**Instructions for the task**. Transcribe, leaving out every picture, the lines that run from the start of the listing below through the line with "Designing Research in".

**Records to use**.
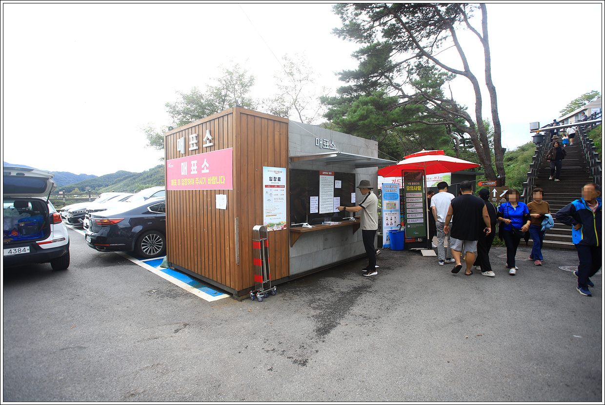▽ 비둘기낭폭포에서 멀지 않은 Y자형출렁다리를 건너가 보기로 한다. 주차장은 무료이나 협소하여 가까스로 길옆 빈 공간에 주차하고 표를 예매한다. 입장료 성인 6,000원, 어린이 및 청소년 3,000원(포천시민, 65세 이상 등 신분증 확인자는 무료), 입장료의 50%는 포천사랑상품권으로 환급.
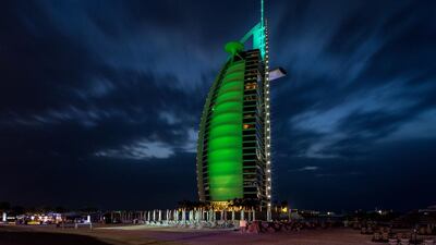 DUBAI // The Burj Al Arab in Dubai and Yas Viceroy hotel in Abu Dhabi went green on Thursday in celebration of St Patrick’s Day.
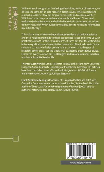 Designing Research in Political Science; T.Gschwend & F.Schimmelfennig Increasing the Relevance of Research Questions; M.Lehnert, B.Miller & A.Wonka Concept Specification in Political Science Research; A.Wonka Typologies in Social Inquiry; M.Lehnert Making Measures Capture Concepts; B.Miller Achieving Comparability of Secondary Data; J.Rathke Dealing Effectively with Selection Bias in Large-n Research; J.Thiem Case Selection and Selection Bias in Small-n Research; D.Leuffen Selecting Independent Variables; U.Sieberer Discriminating among Rival Explanations: Some Tools for Small-n Researchers; A.Dür Falsification in Theory-Guided Empirical Social Research; D.De Bièvre Lessons for the Dialogue between Theory and Data; T.Gschwend & F.Schimmelfennig
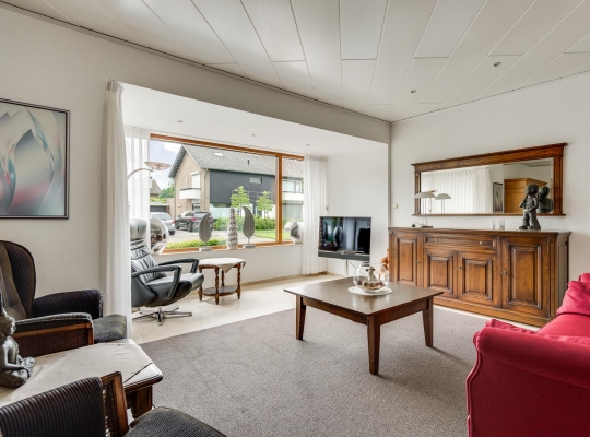Fors uitgebouwde woning met een erker, eetkamer, 3 slaapkamers en een garage. Met een totale oppervlakte van ca. 59 m2 bieden de woonkamer, eetkamer en keuken verrassend veel ruimte. Boven zijn drie slaapkamers en de badkamer, terwijl de woning ook een wijn-/provisiekelder heeft. De ruime tuin en garage met oprit maken deze woning heel compleet.
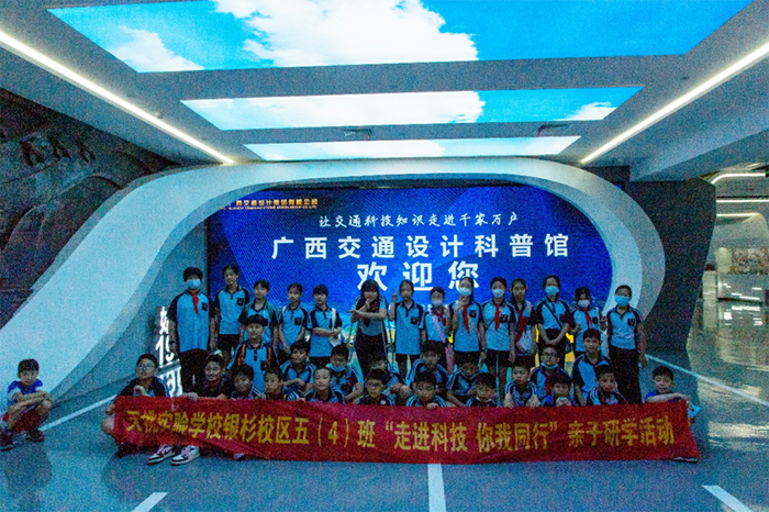 为了拓展广大青少年知识面,了解交通科技发展动态,培养学生科技创新意识,2022年6月11日上午,南宁市天桃实验学校银杉校区五(四)班到广西交通设计科普馆开展了以“走进科技•你我同行”为主题的亲子研学活动。
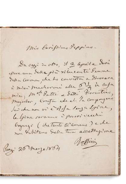 Amusante invitation à manger ses macaronis. «Mio Carissimo Peppino - Da oggi in otto, il 2 Aprile devi essere une delle più rilucenti Gemme della Corona, che ho convitta a divorare i miei macheroni alle 6 ¼ in casa mia| Mlle Patti et detti Fiorentino,Mayerber, Carafa etc etc la compongano Saì che non vi è Rosa senza spine, le spinne saranno i poveri vecchi bagnuzi (che tanto ti amano) e che non dubitano della tua accettazione»... La soirée du 2 avril sera une des plus brillantes pierreries de la couronne| il invite chez lui, pour dévorer ses fameux macaronis, Adelina Patti, le critique Fiorentino, Meyerbeer, Carafa, etc. Comme il n'y a pas de rose sans épines, les épines seront les pauvres vieux baigneurs, qui aiment tant Peppino, et comptent sur son acceptation...
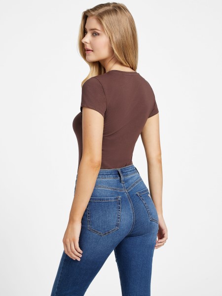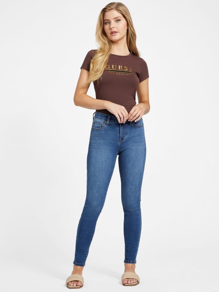 Stílusosan Képviselje Ezt A Rövid Ujjú, Nyakú Pólót, Amely Fémes Logóval és Flitterekkel Kiegészített Grafikai Dizájnnal Rendelkezik.
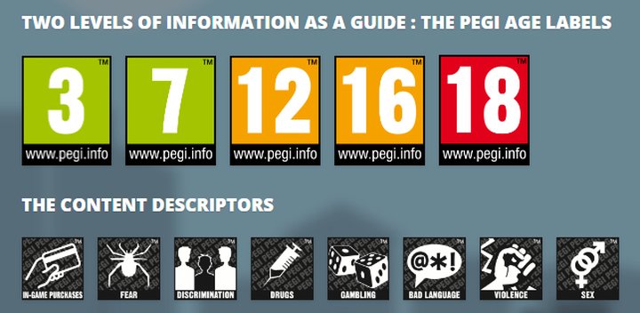 Zacząć należy od przyjrzenia się najpopularniejszym instytucjonalnym systemom oceny treści. Najważniejsze z punktu widzenia gier dla obywateli Unii Europejskiej jest oczywiście Pan European Game Information, czyli znane zapewne wszystkim czytelnikom PEGI. PEGI założone zostało przez Interactive Software Federation of Europe (ISFE) w kwietniu 2003 roku i obecnie używane jest w 38 krajach. Ocena w ramach tego systemu składa się z dwóch części. Pierwszą z nich stanowi określenie, do jakiej grupy docelowej kierowany jest dany produkt: czy dozwolony jest od 3, 7, 12, 16 czy 18 lat. Dodatkowo w tej sekcji może być dodany znak wykrzyknika, sugerujący iż gra powinna być szczególnie kontrolowana przez rodzica ze względu na treści, które mogą pojawiać się w ramach danej grupy wiekowej. Warte zauważenia jest to, iż system ten wydaje się relatywnie odważny – dopuszcza realistyczne przedstawienie przemocy, zachowań seksualnych czy scen używania narkotyków już w przypadku odbiorców powyżej 16. roku życia. Drugą częścią oceny są charakterystyczne piktogramy, które mają informować, czy w grze występują treści przypisane do jednej z dziewięciu kategorii: przemoc, seks, dyskryminacja, narkotyki, strach, wulgarny język, hazard, gra online, zakupy w grze. Ostatnie dwie oczywiście nie mają charakteru treści wrażliwych, są jednak ważną informacją dla rodzica. Rozgrywka online może wiązać się z dodatkowymi zagrożeniami, takimi jak narażenie się na ataki scammerów czy toksyczna społeczność gry, zaś zakupy dokonywane w grze są przestrogą dla rodziców szczególnie młodszych dzieci, na wypadek gdyby z ich karty płatniczej w tajemniczych okolicznościach zaczęły ginąć pieniądze.

**Your response**.
▽ 비둘기낭폭포에서 멀지 않은 Y자형출렁다리를 건너가 보기로 한다. 주차장은 무료이나 협소하여 가까스로 길옆 빈 공간에 주차하고 표를 예매한다. 입장료 성인 6,000원, 어린이 및 청소년 3,000원(포천시민, 65세 이상 등 신분증 확인자는 무료), 입장료의 50%는 포천사랑상품권으로 환급.
 DUBAI // The Burj Al Arab in Dubai and Yas Viceroy hotel in Abu Dhabi went green on Thursday in celebration of St Patrick’s Day.
 Designing Research in Political Science; T.Gschwend & F.Schimmelfennig Increasing the Relevance of Research Questions; M.Lehnert, B.Miller & A.Wonka Concept Specification in Political Science Research; A.Wonka Typologies in Social Inquiry; M.Lehnert Making Measures Capture Concepts; B.Miller Achieving Comparability of Secondary Data; J.Rathke Dealing Effectively with Selection Bias in Large-n Research; J.Thiem Case Selection and Selection Bias in Small-n Research; D.Leuffen Selecting Independent Variables; U.Sieberer Discriminating among Rival Explanations: Some Tools for Small-n Researchers; A.Dür Falsification in Theory-Guided Empirical Social Research; D.De Bièvre Lessons for the Dialogue between Theory and Data; T.Gschwend & F.Schimmelfennig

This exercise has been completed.